SP10 | A panorama of the use of technology in the European context of productive skills assessment | Vincent Folny
-
The Special Interest Group on Technology of the Association of Language Testers in Europe (ALTE) sent out several questionnaires to its members in 2024 and 2025. 34 universities, public bodies and private companies involved in language testing replied to this questionnaire. This study gives a unique panorama of the use of technology by language testers in Europe for institutions dealing with millions of candidates per year, but also for less tested languages. The diversity of ALTE members and the diversity of languages represented in ALTE give the possibility of this study to come up with significant results. This study will be the starting point of the presentation to better understand where language well-established test providers will be in 2025 with the assessment of productive skills.

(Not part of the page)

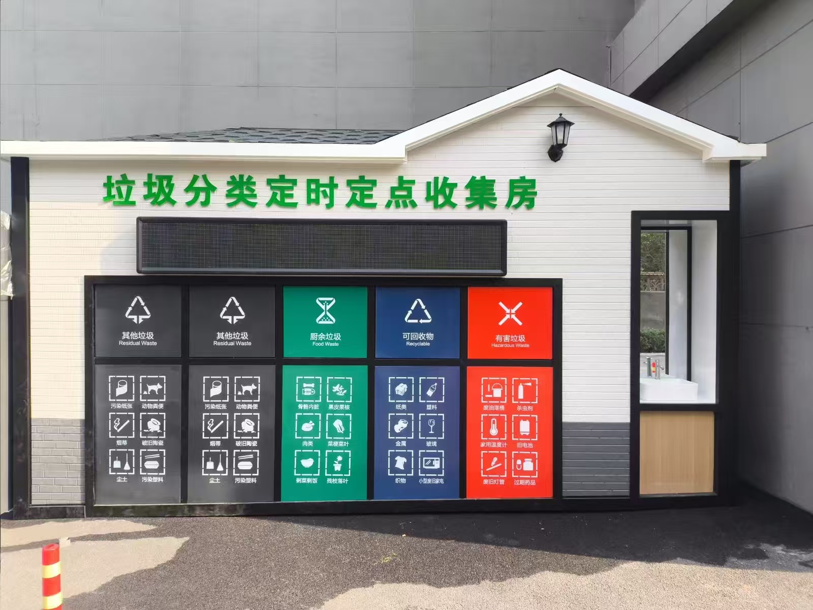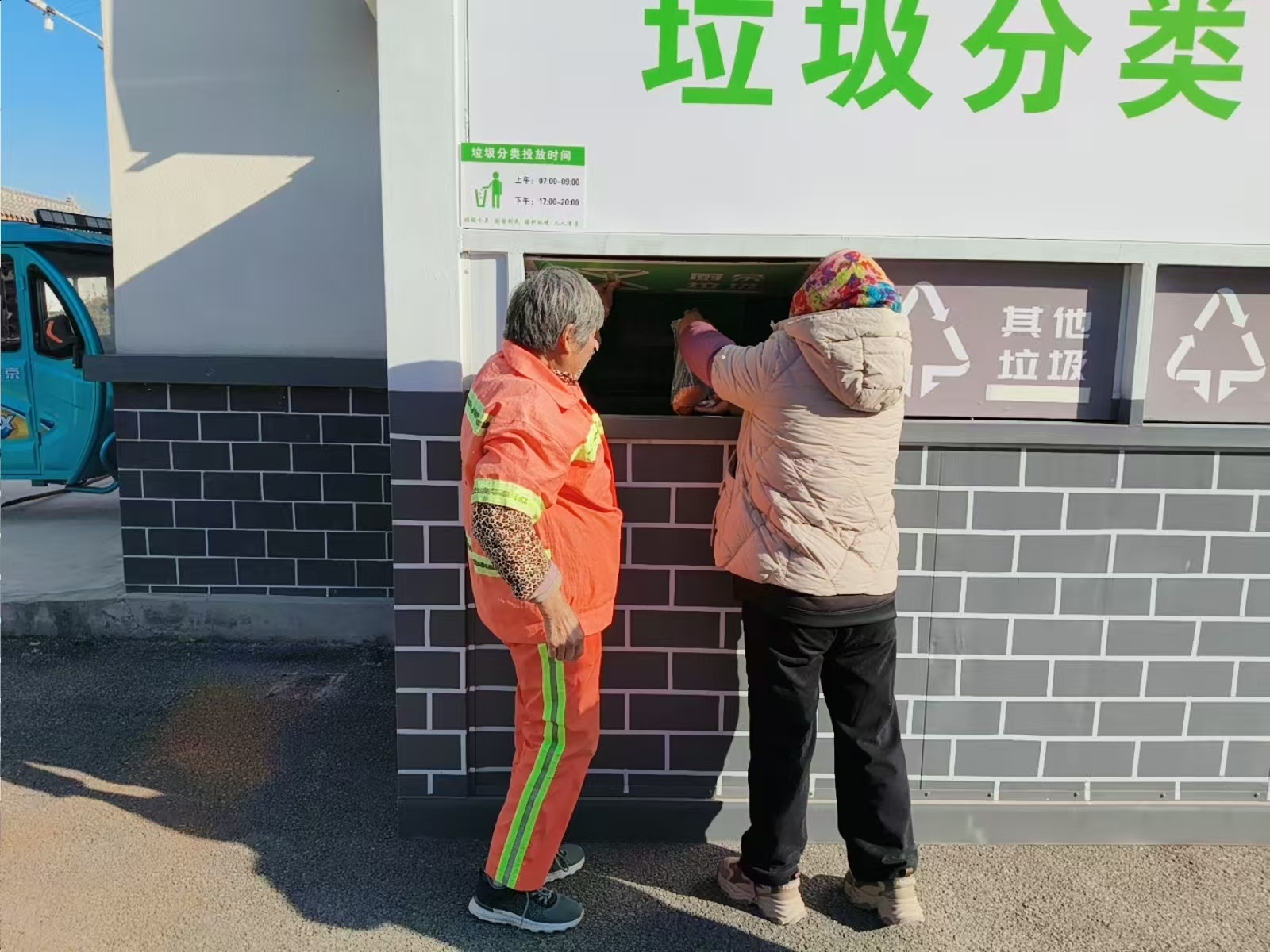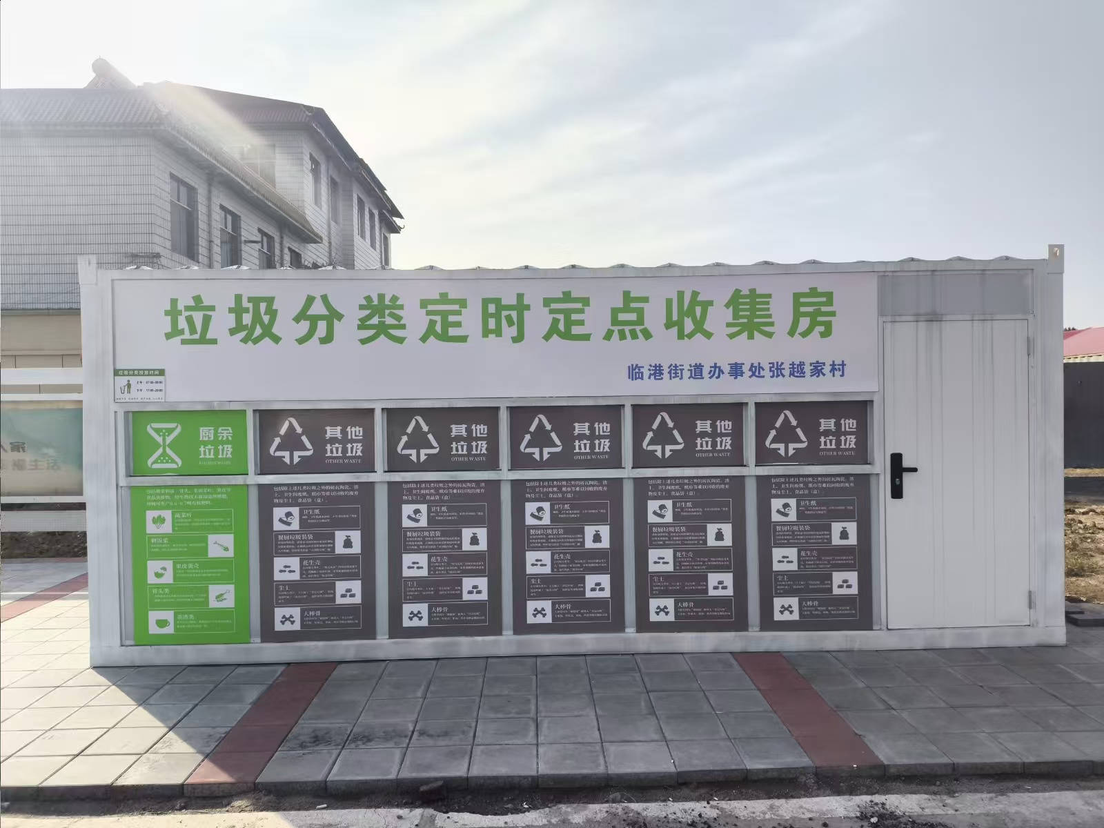 街道以“撤桶并点+设施改造”夯实分类基础。有序推进“撤桶并点”,结合村居布局与居民投放习惯,撤销零散垃圾桶,整合设置集中规范的“垃圾分类定时定点收集房”,既减少垃圾散落污染,又便于集中管理。同时推进设施升级,昔日“脏乱差”的投放点变身标准化驿站,根据不同点位需求配备洗手池,解决居民投放垃圾后脏手的问题;针对厨余垃圾,设置专用密闭收集箱并实行定时清运,有效减少异味;合理划分各类垃圾投放区域,搭配清晰指引标识,方便居民快速识别分类。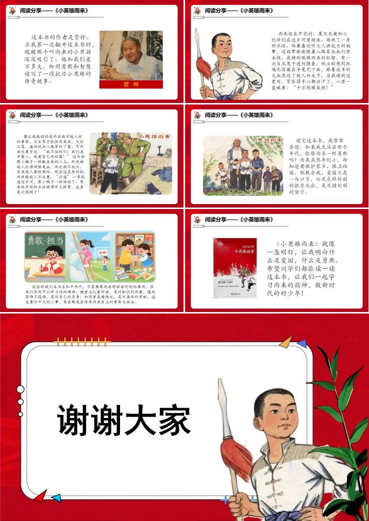 《小英雄雨来》就像一盏明灯,让我明白什么是爱国,什么是勇敢。希望同学们都能读一读这本书,让我们一起学习雨来的精神,做新时代的好少年!

After presenting the results of this study, we will explain the procedures currently used by language testers to assess candidates for productive skills to ensure invariant measurement, reproducibility (Engelhard, 2013), feasibility, economic model and validity. We will present the diversity of solutions found by test providers (number of raters, number of tasks, use of the Rasch model, automation, use of Artificial intelligence...). Since Page (1966), automatic scoring has been announced, developed, criticised, rebuilt and improved (Williamson et al., 2012, Klebanov & Madnani, 2022). In 2019 (Devlin et al., 2018), the language model BERT has introduced a new aera for classification tasks based on artificial intelligence and also for automated rating. Since 2019, the automation of productive skills rating has evolved rapidly and improved significantly. Many papers, books have introduced new knowledge and procedures (Jiao & Lissitz, 2020; Klebanov & Madnani, 2022; Sadeghi & Douglas, 2023; Yan et al., 2020; Yaneva & Von Davier, 2023).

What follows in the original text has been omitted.